The major limitation we encountered when using the ng2-http-interceptor was that it didn’t work with IE11 due to its reliance on ES6 Proxies. IE11 doesn’t support this ES6 construct and there is no polyfill available for it that works in IE11. Our client required their application to work in IE11 so we had to find a workaround for this issue.

The other shortfall that you might encounter if upgrading an AngularJS application which is using angular-http-auth, is that the ng2-http-interceptor module is not able to automatically retry failed requests as the angular-http-auth did. If your AngularJS application relies on this feature then you’ll have to either restructure your code so that it is not required or implement this feature yourself either in a custom service or by upgrading the ng2-http-interceptor module. In our case, our client’s application did not use this feature so this limitation was not an issue.

The last thing I’d like to point out is the lack of typing on the data object when intercepting a request. The request data comes in as an array (data: any[]) that corresponds to the arguments passed to the http function used. The first element will be the url but the second and third elements will depend on the http function used (see https://angular.io/docs/ts/latest/api/http/index/Http-class.html). This is something that could get improved in the future to make modifying intercepted requests simpler.

Improvement Made

Our client required their application to work in IE11 so to solve this problem we updated the ng2-http-interceptor module and removed the Proxy usage (used to elegantly extend the Http service) and extended the gamut of Http service methods explicitly and cleanly.

Our client required their application to work in IE11 so to solve this problem we updated the ng2-http-interceptor module and removed the Proxy usage (used to elegantly extend the Http service) and extended the gamut of Http service methods explicitly and cleanly.

In the end, I think the change is an overall improvement to the module as the amount of code added to ng2-http-interceptor was less than the amount of code removed as the use of Proxies introduced a lot of boilerplate code in the module and in the unit tests.

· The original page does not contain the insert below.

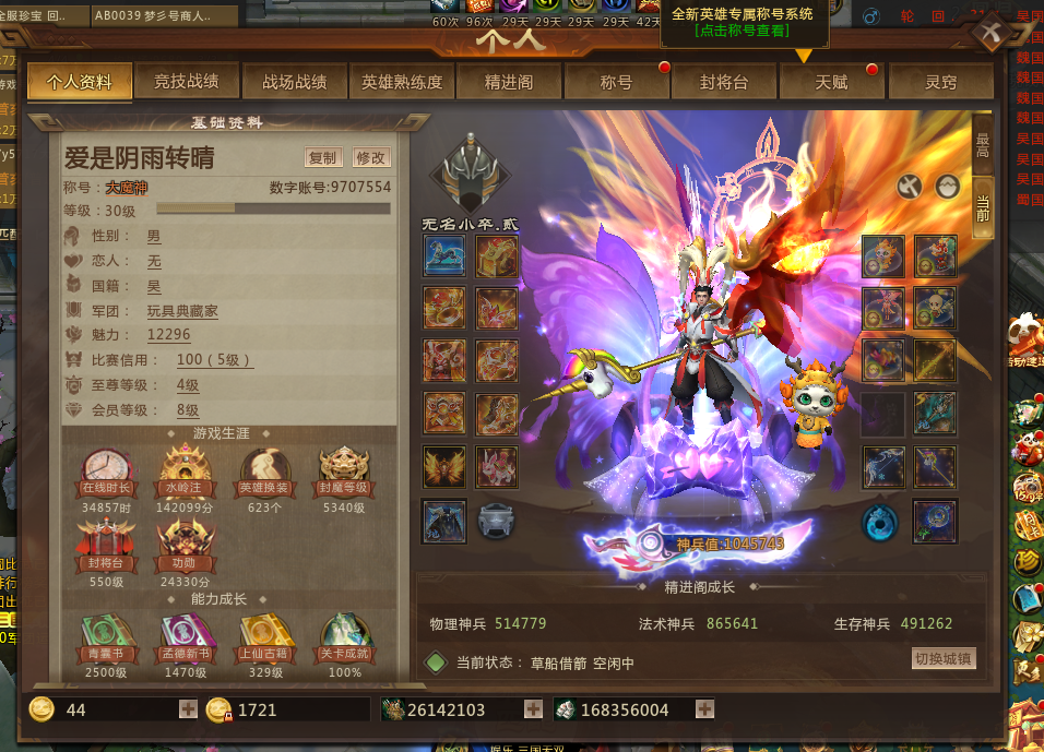 4年少(呂布韩当马良小乔 623)皮肤幻神30W魅力海量玩具需要更换装备彩虹逃跑必拉黑

In a future post I will go over these changes in more detail but if you are targeting IE11 and interested in seeing these changes in the meantime, feel free to ping me over email or LinkedIn.

Conclusions

The ng2-http-interceptor module provides a clean and robust way to intercept http requests and responses in your Angular application. Requests can be requested, modified, and even cancelled transparently without changing anything in the calling code. These powerful features can be used to redirect users to a login screen on 401 responses or even implement a self-contained loading bar that just works.

The module does have a few shortcomings however, including no way to automatically retry failed requests and not being compatible with IE11 due to its reliance on ES6 Proxies.

If you’re not targeting IE11 then this module in its current state is a great choice for your application from among the available options. If you are targeting IE11 and would still like to leverage the features this module provides, the module can be modified to work with ES6 Proxies.

In a future post, I will go over modifications needed for IE11 and explore in more detail the internals of intercepting http requests and responses in Angular, going into depth about rxjs Observables, which play a central role in the process.